Slowing down
2003-03-15 22:40:15 ET

Ugh... well, again it’s been long since I didn’t write here,,, fuck, ok, I promise I’ll come back more often to write my shit and search for read other’s interesting shit, yes, because at the end of our metabolism we are all shitters, so fuck ... eh, well, it’s just that thing have been really odd lately, I don’t know how to describe it… to say that it seems March has some interesting birthdays, so far I can remember Vivaldi’s on 4th, Michaelangelo’s on 6th, Einstein’s on 14th and Benito Juarez’s (some Mexican president) and J. S. Bach’s both on 21st …yet it’s the same day the Spring starts… eh, so if you ask how come was it that I remember those now… well, it’s part of the weird week I’m having…

Well, on a lighter note, today I had my violin’s lessons again like I hadn’t had in a long time, because yet weeks ago we’d been having more rehearsal and such and my ‘teacher’ had been some other girl who, to my opinion, sucks a lot (as a teacher) compared to Susy, my first formally teacher, but today was nice because I got to have her as my teacher again –at least for today- and oh dude it was nice having her violin wisdom teaching me how to do things right, she does is a great teacher, besides she’s the one dresses the best, heh. Well, we’ll see what happens next Saturday. So far I’ll keep practicing what she taught me today, though I’ll be practicing more the formal violin lessons than the fucking nursery rhymes and Disney themes we’ll be playing on April, damn, those are a really pain sometimes.

I’ve also been listening a lot to the new album I downloaded, which I described in a previous note, it’s Opera IX – Maleventum, and I like it a lot. Also I finished downloading another 3 albums of symphonic black metal, so I’ll have plenty week of listening fine gothic-metal albums.

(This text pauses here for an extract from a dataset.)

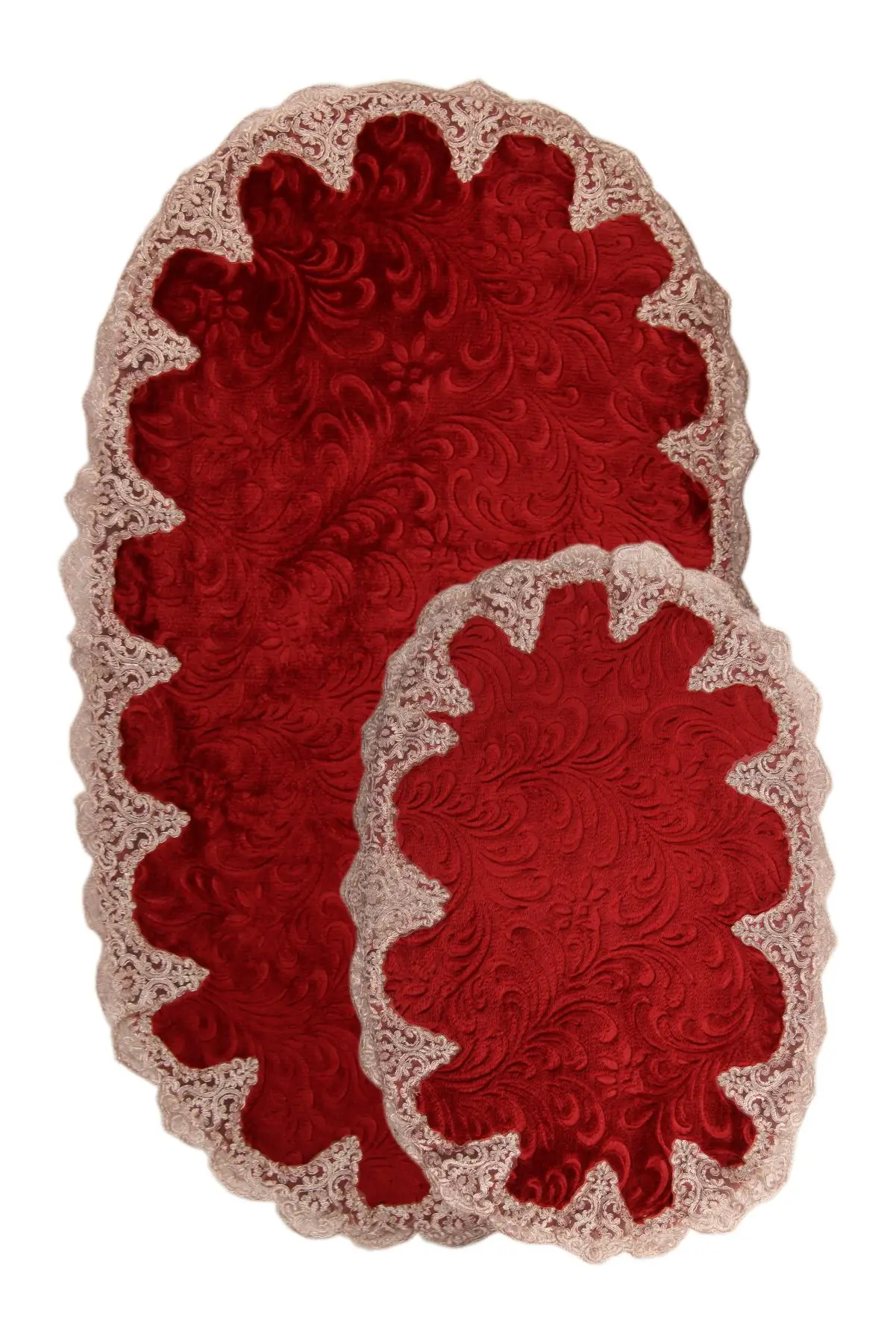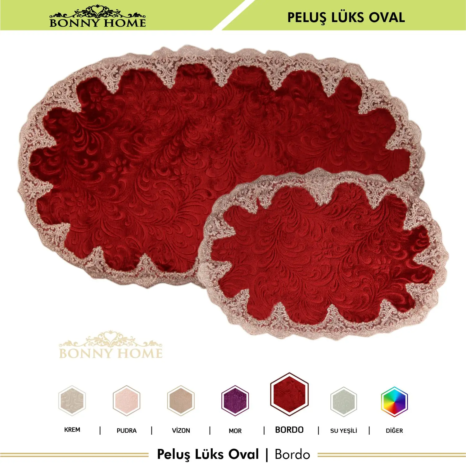 Product Name: Bonny Home Plush Lux Ovale Borgogna 2 Pezzi Tappetino Da Bagno In Pizzo Set Antiscivolo Lusso Doccia Wc Tappeto Da Bagno

Ok, so now the mopey part, shall we? Lately I’ve been looking around and I can’t but keep recognizing how fucking miserable and pathetic my existence is; so anyone can do the ingénue, easy and futile job of trying to encourage me telling that not everything’s lost… that I have lot of shit to be a happy asshole… well… it’s really hard to convince me of that lately… depressed, pathetic, fucked up, angsty, whatever you may call me… fuck, I do try to be nice and do good things sometimes, but fuck, as I said above, I just look around me and all these people make me feel so crappy miserable, you may ask why, …ok, why…: say, I try to be gentle with ladies, and courteous where needed; I like prudent ways of thinking and philosophy with wit and thus I like exact and truly natural sciences such as Math and Physics, I appreciate other’s work and advance of biological sciences and technology developments, I like to think with patience and clear wisdom, thus I like Philosophy; I have a love for fine arts thus I practice drawing, tried some painting, listen to a lot of music, I try to learn a musical instrument (violin) and appreciate others art, I feel passion, I like better emotional or suspense-melancholic dramas other than crazy action-funny-popular youngsters likes, I like aesthetic I adore tender female figures; I try to have patience with people… fuck, do you see? You think I could chose any from the above to stop saying that I’m a pathetic human being? Fuck, I wish I could, but for more of a good human that I try to be almost anyone… anyone… I bet all of you who stop by here to read this, any of you could beat me the fuck up by just answering simple questions that I can’t… I whine for it and become more pathetic, yet all of you do could tell me at least what does it feel like to hold your loved one’s hands…
please… tell me...

listen to: Samuel Barber - Adagio for strings


2003-03-17 18:10:55 ET

... and he lets it out.

Well I wont tell you that you have plenty of things to be happy about because people say the same to me and I find it bullshit. I wish I could help you but I can't... I can't even help myself. I think I'm as miserable as you say you are.
The world is fucked up and I can't seem to find any solace as of late. The only thought that comes to my mind is to die. Yet, I feel so pathetic when I even say that. I don't see why I have to come to think about death.
Even though you could say I'm with "the priest"... we're not the closest couple. I often feel very loney, as I do now. Sometimes we don't even speak for a week. I'm starting to believe love isn't real and it never existed.
I wish I could comfort you as I wish I could have someone comfort me.*sigh* take care.

2003-03-20 18:07:25 ET

You do comfort me... I'm not sure how, but you do in some way.

2003-03-21 18:09:15 ET

that makes me feel a little bit nicer.